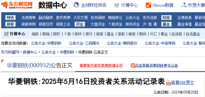 在此之前,華菱鋼鐵于5月20日披露接待公告。
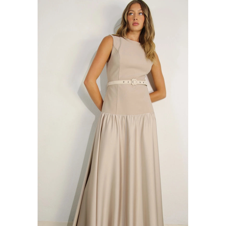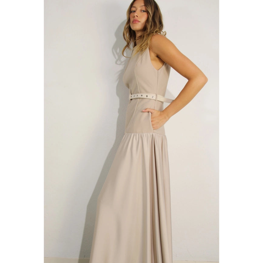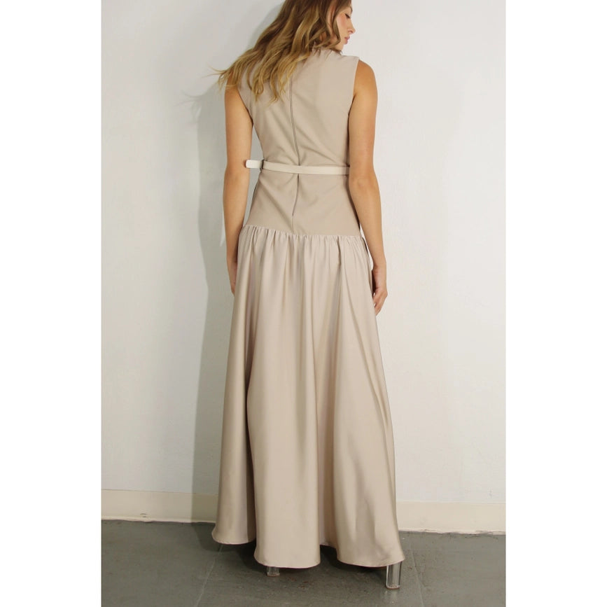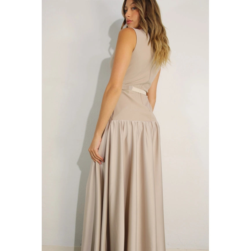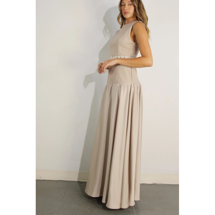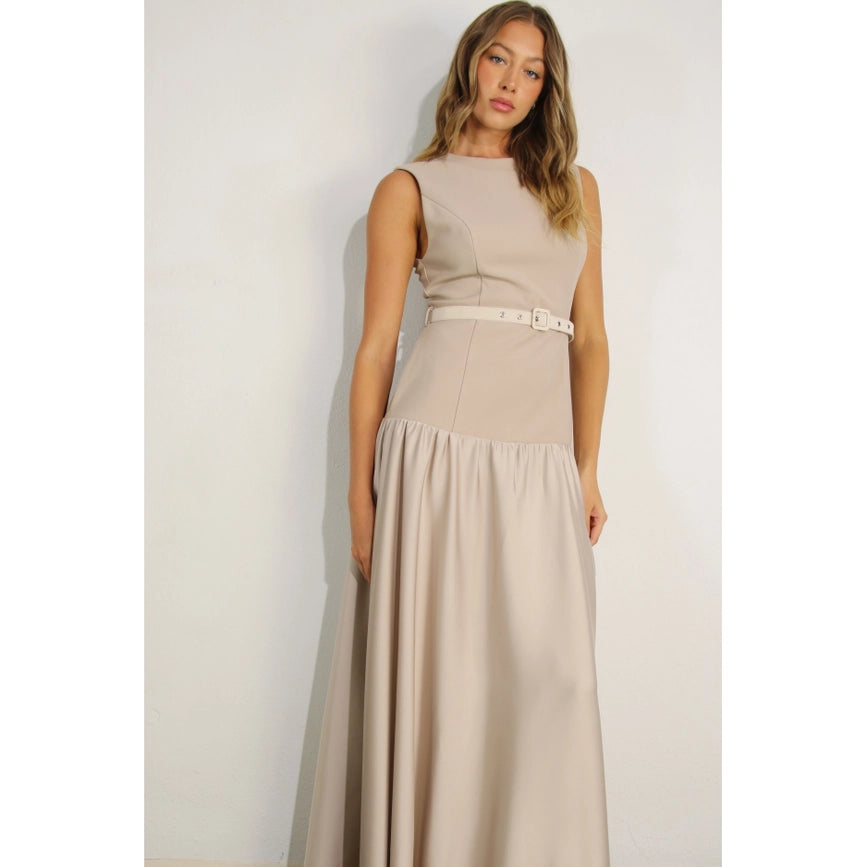 Mixed Fabric Belted Maxi Dress MAUVE BROWN
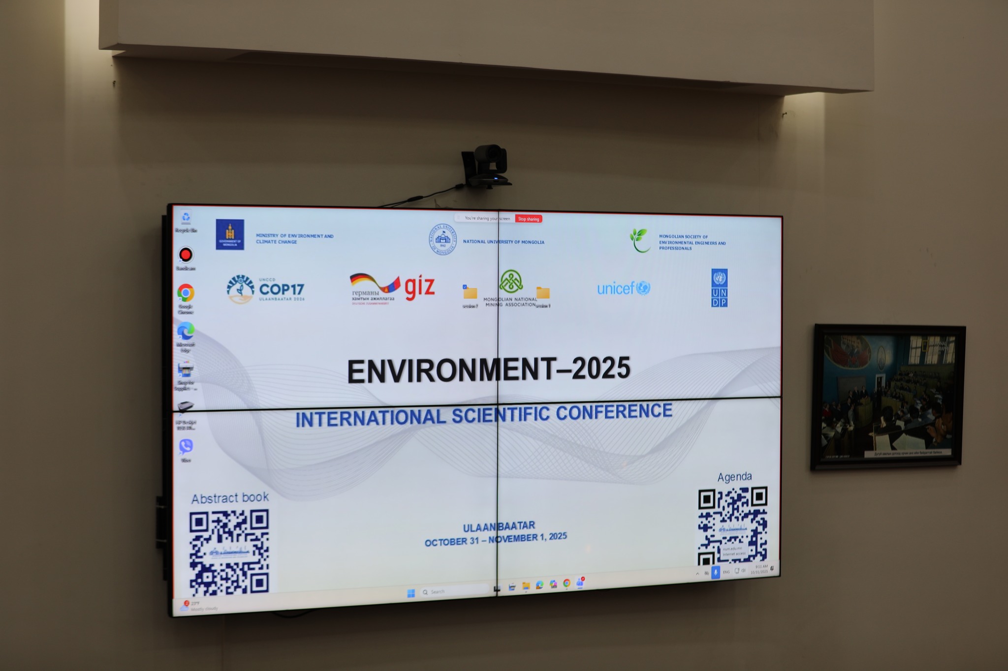 Байгаль орчин, уур амьсгалын өөрчлөлтийн яам, Монгол Улсын Их Сургууль болон Монголын Хүрээлэн буй орчны инженер мэргэжилтнүүдийн нийгэмлэг хамтран зохион байгуулсан “Хүрээлэн буй орчин – 2025” олон улсын эрдэм шинжилгээний хурал 2025 оны 10 дугаар сарын 31-нээс 11 дүгээр сарын 1-ний өдрүүдэд МУИС-ийн Төв байрны Дугуй танхимд амжилттай болж өнгөрлөө.

_Work instructions_
Please retype the listing above word for word, skipping each picture.

_Answer to this task_
 在此之前,華菱鋼鐵于5月20日披露接待公告。
 Mixed Fabric Belted Maxi Dress MAUVE BROWN
 Байгаль орчин, уур амьсгалын өөрчлөлтийн яам, Монгол Улсын Их Сургууль болон Монголын Хүрээлэн буй орчны инженер мэргэжилтнүүдийн нийгэмлэг хамтран зохион байгуулсан “Хүрээлэн буй орчин – 2025” олон улсын эрдэм шинжилгээний хурал 2025 оны 10 дугаар сарын 31-нээс 11 дүгээр сарын 1-ний өдрүүдэд МУИС-ийн Төв байрны Дугуй танхимд амжилттай болж өнгөрлөө.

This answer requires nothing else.